There are two really easy ways:

  1. Parse it out of your web logs in batch.
  2. Run the hits through beanstalkd or gearmand and have a worker do the hard stuff in a controlled way.

Option 1 works with off-the-shelf tools. Option 2 requires just a bit of programming, but gives you something closer to realtime updates without causing you to fall over when the traffic spikes (such as you'll find in your direct mysql case).

Dustin
A: 

Not sure if it's up your alley, but AppEngine is a pretty nice platform to build on. Some sample code you can use to build a counter using their DataStore and transactions is described here: http://code.google.com/appengine/docs/python/datastore/transactions.html.

jgeewax
We tried to store lots of counters in app engine, and it turns out to be expensive in CPU time. That is, it costs $$.
dfrankow
+1  A: 

If accuracy is important, you can do it slightly slower with MySql... create a HEAP / Memory table to store your counter values. These a in-memory tables that are blazingly fast. You can write the data into a normal table at intervals.

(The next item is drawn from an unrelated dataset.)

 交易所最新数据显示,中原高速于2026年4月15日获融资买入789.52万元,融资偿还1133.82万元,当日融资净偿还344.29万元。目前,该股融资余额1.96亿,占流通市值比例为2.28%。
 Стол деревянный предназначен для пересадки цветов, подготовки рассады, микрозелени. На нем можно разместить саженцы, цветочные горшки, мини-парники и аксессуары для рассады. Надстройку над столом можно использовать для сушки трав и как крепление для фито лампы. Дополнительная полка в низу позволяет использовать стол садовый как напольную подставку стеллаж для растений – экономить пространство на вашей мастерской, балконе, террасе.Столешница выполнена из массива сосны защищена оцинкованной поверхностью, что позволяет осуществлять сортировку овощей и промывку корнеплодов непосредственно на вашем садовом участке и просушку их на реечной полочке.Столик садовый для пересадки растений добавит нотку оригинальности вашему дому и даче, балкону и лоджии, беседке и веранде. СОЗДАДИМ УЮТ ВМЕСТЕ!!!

Based on the app engine ideas, you could use memcache as a temporary store for your counter. Incrementing a memcache counter is faster than using the MySql heap tables (I think). Once every five or ten seconds, you could read the memcache counter and write that number into your DB.

Sudhir Jonathan
+2  A: 

You could take your webserver's Access log (Apache: access.log) and evaluate it time and again (cronjob) in case you do not need to have the data at hand at the exact moment in time when someone visits your site.

Usually, the access.log is generated anyway and contains the requested resource as well as time, date and the user's IP. This way you do not have to route all trafic through a php-script. Lean, mean counting machine.

middus
A: 

You can use Redis - it`s very fast key-value storage with support for atomic increments. If need will arise -- counts data could be splitted between multiple servers easily.

Igor Ivanov
A: 

I've done something very similar, on a similar scale (multiple servers, hundreds of domains, several thousand hits per hour) and log file analysis was definitely the way to go. (It also checked hit rates, weighted them by file type, and blacklisted IP addresses at the firewall if they were making too many requests; its intended purpose was to auto-block bad bots, not to just be a counter, but counting was an essential piece of it.)

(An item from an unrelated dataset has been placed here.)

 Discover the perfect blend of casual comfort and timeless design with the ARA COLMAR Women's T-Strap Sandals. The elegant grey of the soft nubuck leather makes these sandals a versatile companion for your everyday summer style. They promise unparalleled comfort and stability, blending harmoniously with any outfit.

No performance impact on the web server process itself, since it's not doing any additional work there, and you could easily publish periodically-updated hit counts by injecting them into the site's database every minute/5 minutes/100 hits/whatever without having to lock the relevant row/table/database (depending on the locking mechanism in use) on every hit.

Dave Sherohman
This sounds awesome, any tips on how to begin creating this? Can it be done with PHP?
swt83
@swt83: I used Perl, but my understanding is that PHP has been extended to run in non-web environments, so it should be possible. For a simple counter, it's basically just a matter of setting up a cron job to run every so often, check the access long for new hits (record the end-of-file position each time so that the next run can pick up from where the last one left off instead of re-processing the whole log), and process/summarize them however you like. If you want it real-time, write it as a `tail -f` type monitor that reads from the file as it's written (just watch out for log rotation).
Dave Sherohman
+1  A: 

Without a doubt, Redis is perfect for this problem. It requires about a minute to setup and install, supports atomic increments, is incredibly fast, has client libs for python and php (and many other languages), is durable (snapshots, journal, replication).